- Born: Simon John Godsill 2 December 1965 (age 60)
- Education: University of Cambridge (MA 1988, PhD 1993)
- Scientific career
- Fields: Bayesian statistics; Digital signal processing; Particle filtering;
- Workplaces: University of Cambridge
- Thesis: The Restoration of Degraded Audio Signals (1993)
- Doctoral advisor: Peter J. W. Rayner
- Website: sigproc.eng.cam.ac.uk/Main/SJG

= Simon Godsill =

British statistician (born 1965)

Simon John Godsill (born 2 December 1965) is professor of statistical signal processing at the University of Cambridge, and a professorial fellow at Corpus Christi College. He is also a member of the Centre for Science and Policy. His main area of research is Bayesian statistics and stochastic sampling methodologies, particularly particle filtering.

==Education==

Godsill attended Selwyn College, Cambridge, obtaining a first class degree in the Electrical and Information Sciences Tripos in 1988. He then went on to receive a Ph.D. degree from the Department of Engineering at Cambridge University in 1993, with a thesis entitled "The Restoration of Degraded Audio Signals" and his Ph.D. supervisor was Peter Rayner, whom he shared with Mike Lynch.

==Career==

Godsill has published over 250 articles in peer reviewed journals, along with the books Digital audio restoration: a statistical model based approach and Compressed sensing & sparse filtering.

==Business interests==
Godsill is currently a director of CEDAR Audio Ltd, a Cambridge-based company that applies Bayesian mathematics for purposes of noise reduction in audio data.

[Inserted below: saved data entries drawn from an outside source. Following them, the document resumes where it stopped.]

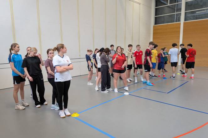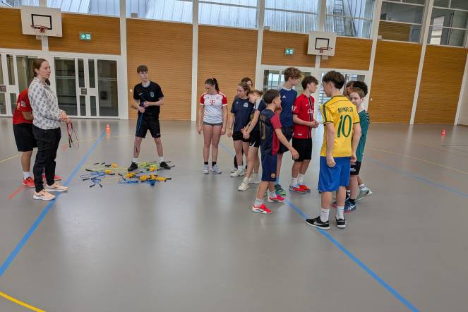 Nathalie Schäfer, in Frankreich geboren und seit 2007 in der Schweiz wohnhaft, leitete die Sport-Doppelstunde – bien sûr en français! 😊
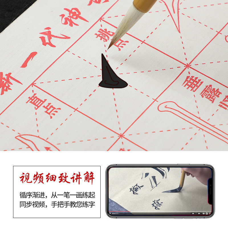 毛笔初学书法套装 初学者入门专用狼毫兼毫儿童小学生水写布笔墨纸砚练字全套成人专业文房四宝收纳工具六品堂
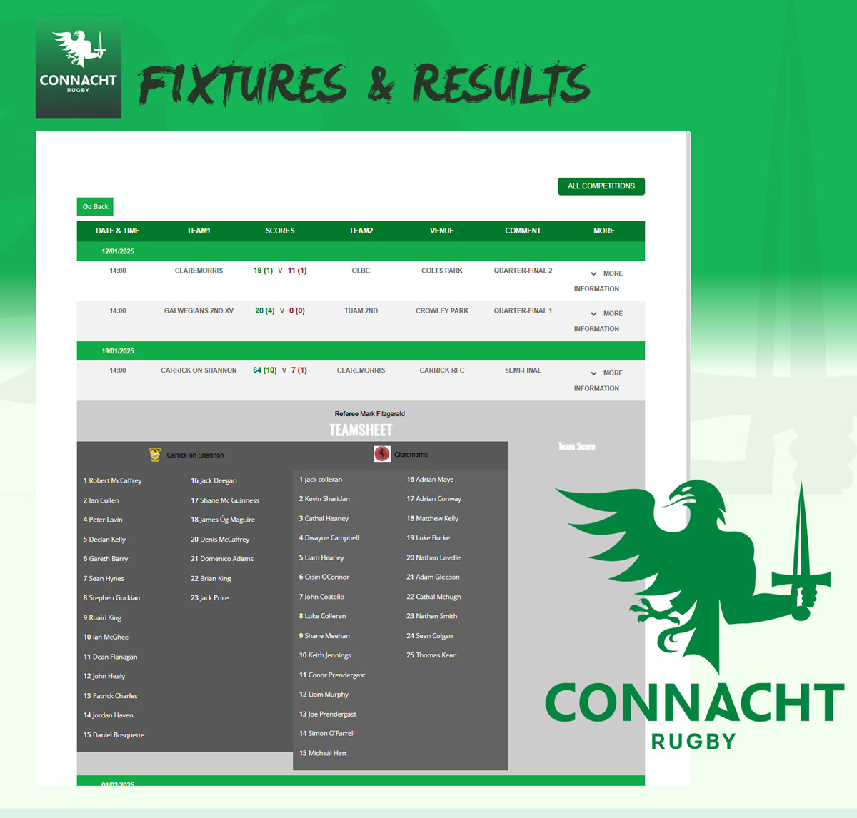 Connacht Rugby Fixtures and Results with Team Panels
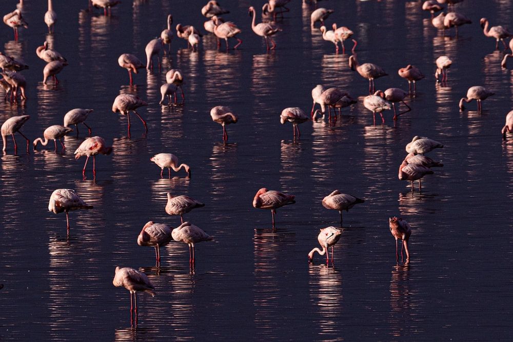 Ein See voller rosafarbener Flamingo's. Ein schönes Glitzern im Wasser durch die tiefstehende Sonne in Kombination mit dem dunklen Himmel.
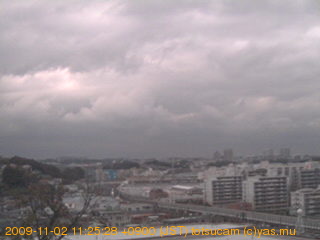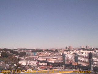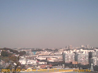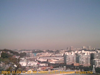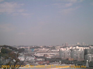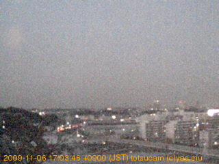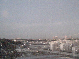 適度に曇った日の雲の動き (例: 2005-10-24) がとても楽しめます。 正面を横切っている高架は横須賀線下りです。 その下に横須賀線上り、東海道線、同貨物線が走っていますが、 高架に隠れていてよく見えません。 夜間は特に中央左寄りの車の動きがよく見えます。
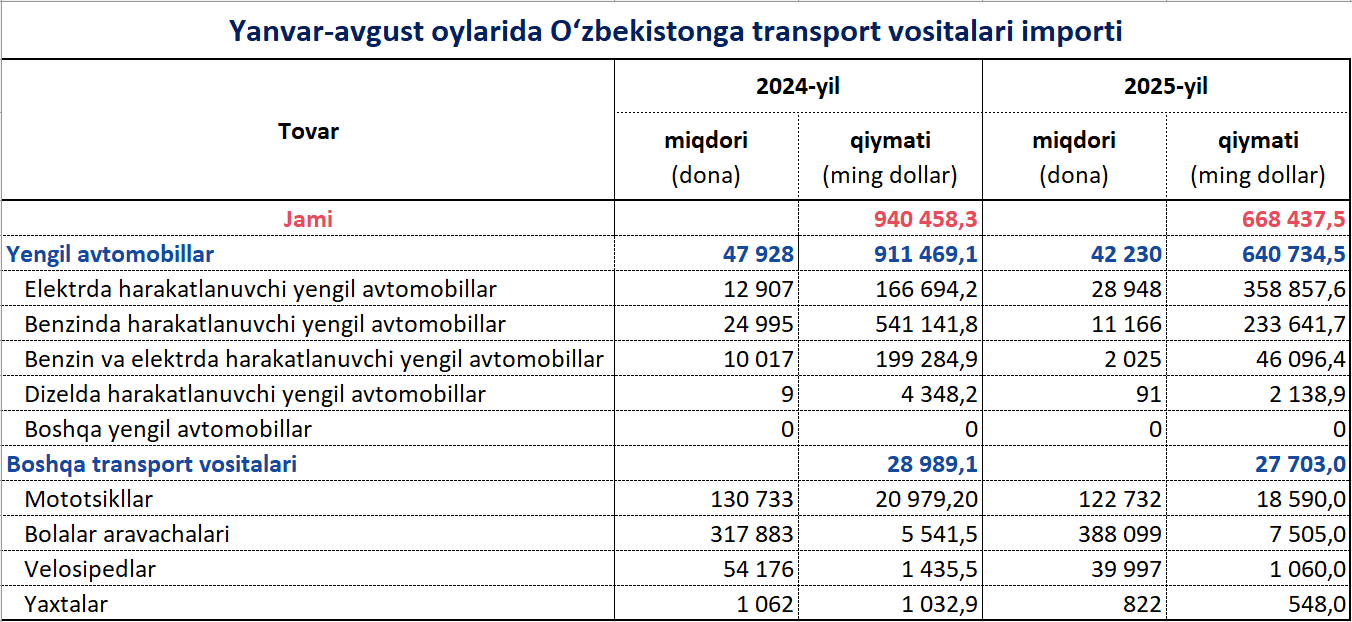 2025 yilning dastlabki 8 oyida jami 42 230 ta yengil avtomobil olib kirilgan bo‘lib, bu – o‘tgan yilning mos davri (47 928 ta)ga nisbatan 11,9 foizga kam.
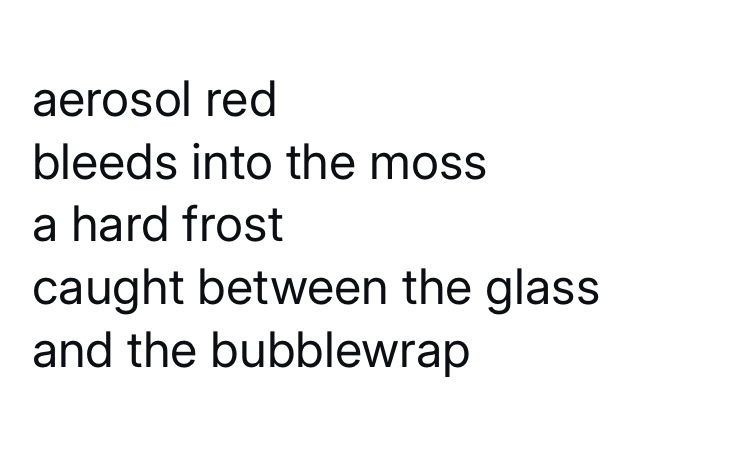 Aerosol Red By Little Onion February 9, 2025 Gavin Wade Paul Conneally renga tanka aerosol red bleeds into the moss a hard frost caught between the glass and the bubblewrap Gavin Wade and Paul Conneally a poem from their never ending series of tanskenga poems (tanrenga written via BlueSky). Share this: Click to share on X (Opens in new window) X Click to share on Facebook (Opens in new window) Facebook Click to share on LinkedIn (Opens in new window) LinkedIn Click to share on Tumblr (Opens in new window) Tumblr Click to share on Pinterest (Opens in new window) Pinterest Like Loading...

In February 2005, the company received a Sci-Tech Academy Award (a 'Technical Oscar') for its services to the movie industry, and a stream of innovations appeared over the following years with corresponding recognition including induction into the Audio Technology Hall of Fame (2008), a Cinema Audio Society Award (2009). Godsill is also a director at Input Dynamics Ltd, a Cambridge-based company that applies Bayesian techniques to touch screen technology. Godsill is involved with the research effort at BMLL Technologies, a Cambridge spin-off working in the field of machine learning application in the financial sector.